Est-ce que le film est narrativement intéressant ? Là, c’est un peu plus compliqué de le sauver. Car absolument tout se trouve dans cette phrase : Fleur et Julian s’aiment et veulent se marier partout où c’est possible, mais Julian tombe malade. Que le long-métrage ne réponde pas à un schéma narratif classique, c’est une chose. Pas mal de films adaptés de livres adoptent le rythme de celui-ci, une narration latente, beaucoup plus diffuse, qui tend vers la chronique. C’est le cas de Furyo, de La Ligne rouge. Mais ces films vont plus loin que leur simple pitch. Ici, on est pleinement sur un récit de vie. Et on peut facilement le comprendre. En effet, le livre dont est tiré Julian est la véritable histoire de son autrice Fleur Pierets. On se doute ainsi que le récit littéraire se focalise sur les émotions, sur le quotidien de cette femme censée faire le tour du monde pour se marier et se retrouvant au chevet de son épouse. Sauf que les médias cinématographique et littéraire sont différents et on ne peut pas raconter quelque chose dans un bouquin comme on le fait dans un film.
Continuons, le long-métrage cherche-t-il à expérimenter ? Plutôt non. Certes, la narration est déconstruite, un des principaux éléments faisant naître ce sentiment de nostalgie d’ailleurs, mais globalement non. C’est un film de personnages, qui s’attarde sur le « quoi montrer » plutôt que sur le « comment montrer ».

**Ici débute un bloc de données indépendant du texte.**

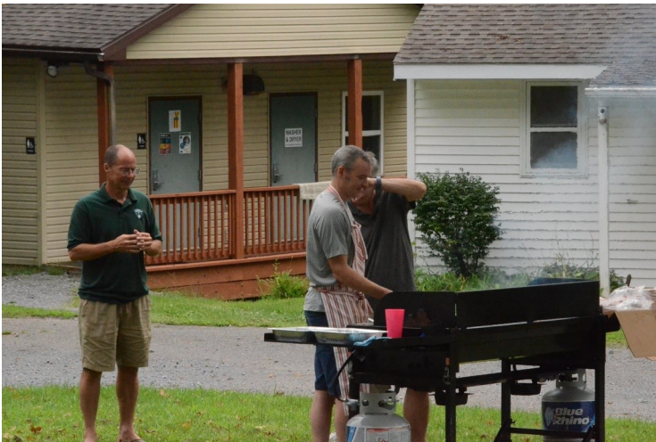
Our Chairman Supervising the Grilling... with Contemplation

Enfin, est-ce que le long-métrage apporte un message ? Alors là, c’est un grand oui. Parce que montrer l’homosexualité et la difficulté sociale qu’elle génère relève souvent du poncif. Julian aborde cette question de manière originale, non pas à l’échelle locale, mais globale, avec ce nombre : 22. À l’époque où Fleur Pieters vit cette histoire, seulement 22 des 196 pays reconnus par l’ONU permettent aux couples de même sexe de s’unir légalement, soit tout juste supérieur à un pays sur dix. Et plus on répète ce nombre, 22, plus on se sent chanceux.se de vivre dans un de ces pays, plus on se dit que 1/10 c’est vraiment pas beaucoup, qu’à peine 10% c’est vraiment la honte. Aujourd’hui l’ONU reconnait 197 pays, parmi lesquels, non plus 22, mais, 39 autorisent le mariage gay. C’est toujours pas assez, mais c’est deux pays sur dix, soit deux fois plus que lorsque Julian tombe malade.
Ne serait-ce que pour ce dernier point, Julian est un film nécessaire. On peut regretter que le long-métrage ne s’attarde pas plus profondément sur les questions de couple, de maladie ou de deuil. On peut regretter qu’on ne nous en raconte pas plus, donnant au film un aspect monotone, répétitif et attendu. Mais on ne peut pas regretter que ce qui prédomine à la fin de la séance ce soit : 22 (et même 39 aujourd’hui) c’est pas assez, c’est pas normal, le combat est loin d’être fini, faut rien lâcher.